Copy each line of the records that includes "surface".

** Opening Input records block **

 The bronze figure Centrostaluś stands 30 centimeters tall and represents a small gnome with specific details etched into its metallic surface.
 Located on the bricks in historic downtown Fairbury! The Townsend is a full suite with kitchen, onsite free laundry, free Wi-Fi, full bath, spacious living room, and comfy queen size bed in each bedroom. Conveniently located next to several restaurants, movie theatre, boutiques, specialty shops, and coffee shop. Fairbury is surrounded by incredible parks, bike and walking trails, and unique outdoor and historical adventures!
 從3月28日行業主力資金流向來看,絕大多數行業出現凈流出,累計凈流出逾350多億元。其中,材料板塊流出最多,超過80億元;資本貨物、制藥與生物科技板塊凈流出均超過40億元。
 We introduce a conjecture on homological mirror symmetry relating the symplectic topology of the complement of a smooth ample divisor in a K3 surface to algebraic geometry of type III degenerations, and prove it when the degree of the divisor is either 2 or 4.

** Closing Input records block **
** Opening Input records block **

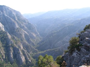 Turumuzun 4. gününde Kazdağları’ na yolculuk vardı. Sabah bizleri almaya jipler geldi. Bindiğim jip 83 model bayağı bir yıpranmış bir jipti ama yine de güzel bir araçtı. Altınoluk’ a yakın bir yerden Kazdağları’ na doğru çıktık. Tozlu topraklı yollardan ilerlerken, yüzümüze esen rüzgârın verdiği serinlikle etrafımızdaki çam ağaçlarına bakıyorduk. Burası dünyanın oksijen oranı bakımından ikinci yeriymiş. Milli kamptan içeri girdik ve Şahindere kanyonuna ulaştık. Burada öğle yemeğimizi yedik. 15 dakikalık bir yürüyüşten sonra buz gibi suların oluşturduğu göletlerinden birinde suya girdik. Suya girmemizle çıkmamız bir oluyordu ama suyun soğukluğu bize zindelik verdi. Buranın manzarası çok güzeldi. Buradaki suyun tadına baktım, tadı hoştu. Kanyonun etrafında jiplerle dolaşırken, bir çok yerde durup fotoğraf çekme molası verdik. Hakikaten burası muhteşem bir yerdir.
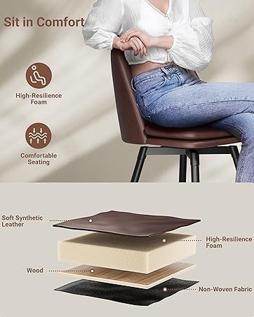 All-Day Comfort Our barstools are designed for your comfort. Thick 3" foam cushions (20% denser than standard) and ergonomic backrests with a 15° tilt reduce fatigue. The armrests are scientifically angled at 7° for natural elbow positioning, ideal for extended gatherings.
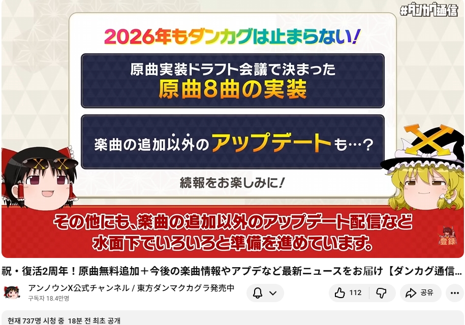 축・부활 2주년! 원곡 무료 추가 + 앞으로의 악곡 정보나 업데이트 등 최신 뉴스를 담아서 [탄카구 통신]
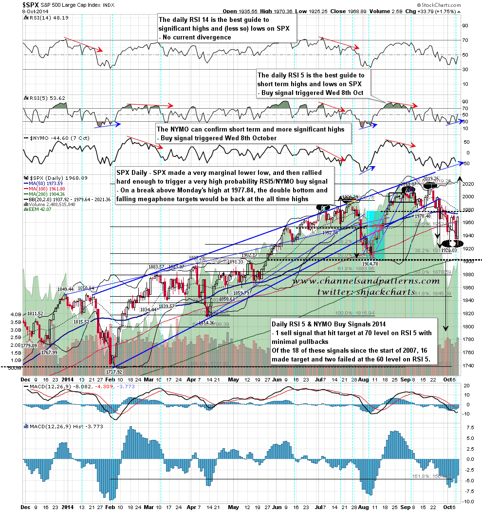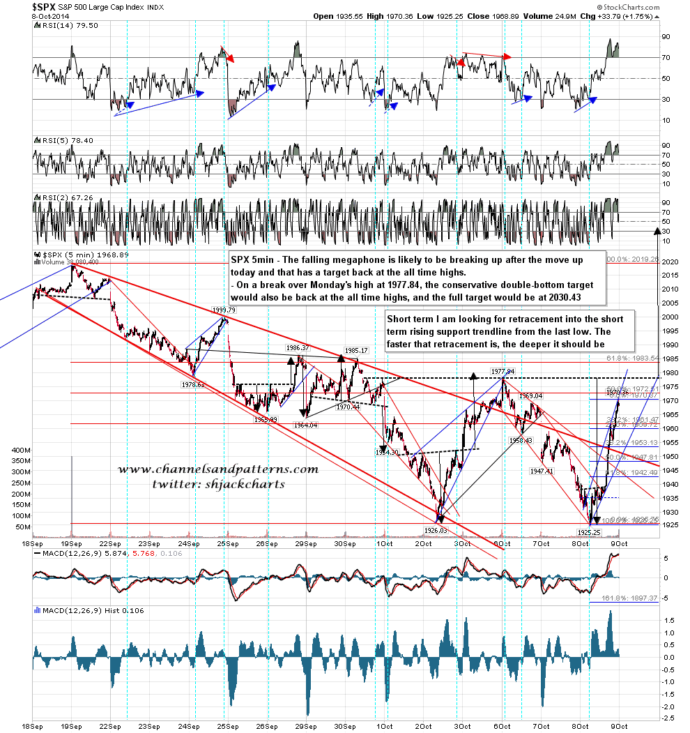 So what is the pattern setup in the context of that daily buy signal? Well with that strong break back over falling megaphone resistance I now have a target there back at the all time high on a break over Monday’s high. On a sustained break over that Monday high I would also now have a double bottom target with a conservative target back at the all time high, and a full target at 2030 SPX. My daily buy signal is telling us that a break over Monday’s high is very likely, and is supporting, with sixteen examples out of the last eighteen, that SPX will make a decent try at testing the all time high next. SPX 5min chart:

** Closing Input records block **

Exercise output:
 The bronze figure Centrostaluś stands 30 centimeters tall and represents a small gnome with specific details etched into its metallic surface.
 We introduce a conjecture on homological mirror symmetry relating the symplectic topology of the complement of a smooth ample divisor in a K3 surface to algebraic geometry of type III degenerations, and prove it when the degree of the divisor is either 2 or 4.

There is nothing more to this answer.